━━━ Data ━━━

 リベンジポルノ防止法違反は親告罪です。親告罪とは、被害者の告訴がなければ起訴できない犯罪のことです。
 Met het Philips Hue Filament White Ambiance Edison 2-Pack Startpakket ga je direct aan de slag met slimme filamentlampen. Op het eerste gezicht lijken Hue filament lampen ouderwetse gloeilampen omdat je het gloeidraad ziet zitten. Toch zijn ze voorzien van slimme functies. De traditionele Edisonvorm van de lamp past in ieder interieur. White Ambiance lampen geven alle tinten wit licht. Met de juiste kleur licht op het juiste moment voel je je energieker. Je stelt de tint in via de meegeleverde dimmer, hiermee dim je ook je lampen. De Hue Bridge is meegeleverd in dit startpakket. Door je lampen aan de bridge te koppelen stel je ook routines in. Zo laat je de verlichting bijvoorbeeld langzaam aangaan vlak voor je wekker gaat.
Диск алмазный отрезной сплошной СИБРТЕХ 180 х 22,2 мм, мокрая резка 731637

━━━
━━━ Data ━━━

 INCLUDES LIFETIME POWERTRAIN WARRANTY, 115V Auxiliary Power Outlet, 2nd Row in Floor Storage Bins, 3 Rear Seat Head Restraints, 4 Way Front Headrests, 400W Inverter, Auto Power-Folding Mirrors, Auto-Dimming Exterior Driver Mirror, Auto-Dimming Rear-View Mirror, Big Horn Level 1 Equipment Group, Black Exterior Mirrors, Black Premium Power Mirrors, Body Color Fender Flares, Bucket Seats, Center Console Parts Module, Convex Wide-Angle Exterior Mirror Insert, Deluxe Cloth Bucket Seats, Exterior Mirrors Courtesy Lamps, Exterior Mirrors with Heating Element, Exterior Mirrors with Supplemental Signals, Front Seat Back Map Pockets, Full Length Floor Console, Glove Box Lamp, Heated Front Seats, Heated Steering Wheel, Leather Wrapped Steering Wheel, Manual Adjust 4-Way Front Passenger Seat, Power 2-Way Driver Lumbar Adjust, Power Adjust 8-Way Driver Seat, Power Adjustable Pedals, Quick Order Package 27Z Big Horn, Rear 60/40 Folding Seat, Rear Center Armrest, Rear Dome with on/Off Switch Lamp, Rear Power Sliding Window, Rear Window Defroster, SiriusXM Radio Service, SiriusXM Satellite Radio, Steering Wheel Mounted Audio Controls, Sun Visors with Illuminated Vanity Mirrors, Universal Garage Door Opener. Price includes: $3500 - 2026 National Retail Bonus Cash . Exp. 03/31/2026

━━━
━━━ Data ━━━

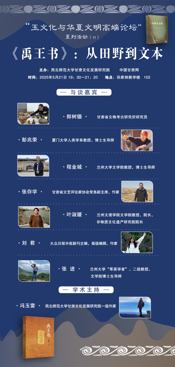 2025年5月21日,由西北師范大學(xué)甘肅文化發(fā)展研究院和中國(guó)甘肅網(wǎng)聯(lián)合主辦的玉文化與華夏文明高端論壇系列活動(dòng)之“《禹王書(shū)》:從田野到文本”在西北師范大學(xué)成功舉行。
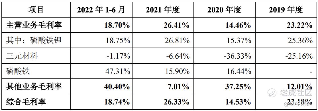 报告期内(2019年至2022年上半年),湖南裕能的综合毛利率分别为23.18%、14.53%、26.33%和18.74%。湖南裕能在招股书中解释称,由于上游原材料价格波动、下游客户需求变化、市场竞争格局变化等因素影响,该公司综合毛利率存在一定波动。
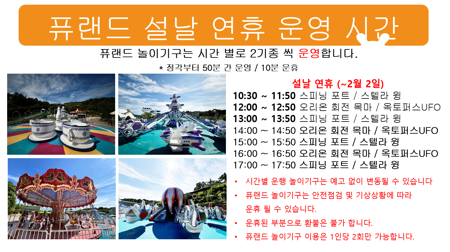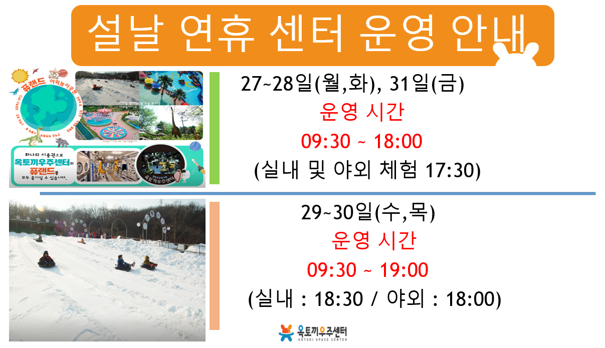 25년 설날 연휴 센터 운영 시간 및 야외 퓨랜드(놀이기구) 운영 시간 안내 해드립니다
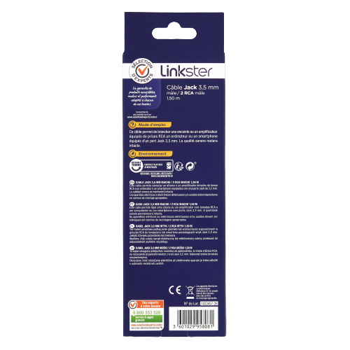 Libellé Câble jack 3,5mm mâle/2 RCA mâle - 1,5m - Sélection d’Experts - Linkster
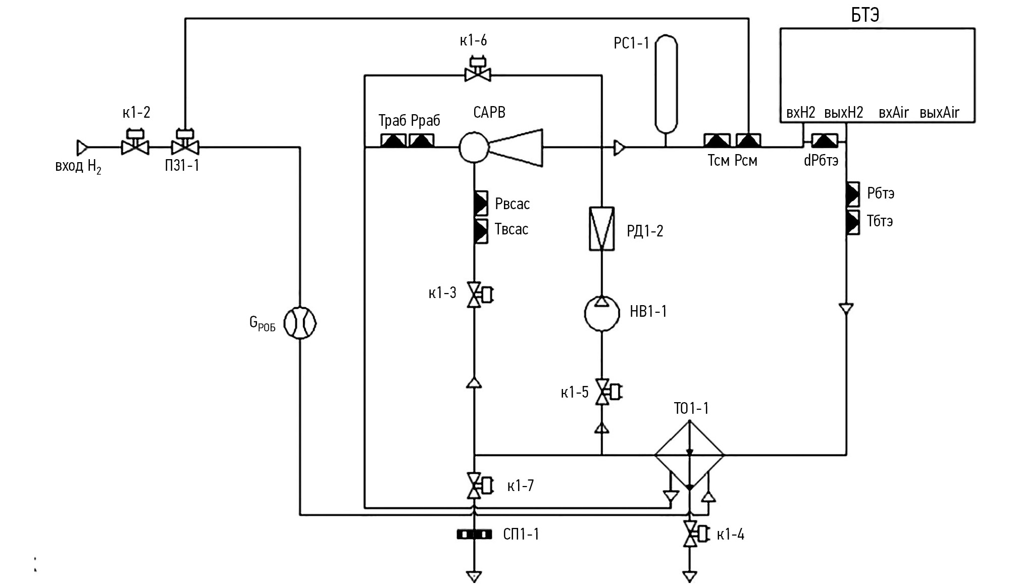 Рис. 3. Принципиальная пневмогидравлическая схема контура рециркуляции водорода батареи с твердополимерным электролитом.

━━━

Your task is to restate, word for word, only those lines above that fall between the line holding "Met het Philips" and the line holding "Диск алмазный отрезной", inclusive.

Response to the task
 Met het Philips Hue Filament White Ambiance Edison 2-Pack Startpakket ga je direct aan de slag met slimme filamentlampen. Op het eerste gezicht lijken Hue filament lampen ouderwetse gloeilampen omdat je het gloeidraad ziet zitten. Toch zijn ze voorzien van slimme functies. De traditionele Edisonvorm van de lamp past in ieder interieur. White Ambiance lampen geven alle tinten wit licht. Met de juiste kleur licht op het juiste moment voel je je energieker. Je stelt de tint in via de meegeleverde dimmer, hiermee dim je ook je lampen. De Hue Bridge is meegeleverd in dit startpakket. Door je lampen aan de bridge te koppelen stel je ook routines in. Zo laat je de verlichting bijvoorbeeld langzaam aangaan vlak voor je wekker gaat.
Диск алмазный отрезной сплошной СИБРТЕХ 180 х 22,2 мм, мокрая резка 731637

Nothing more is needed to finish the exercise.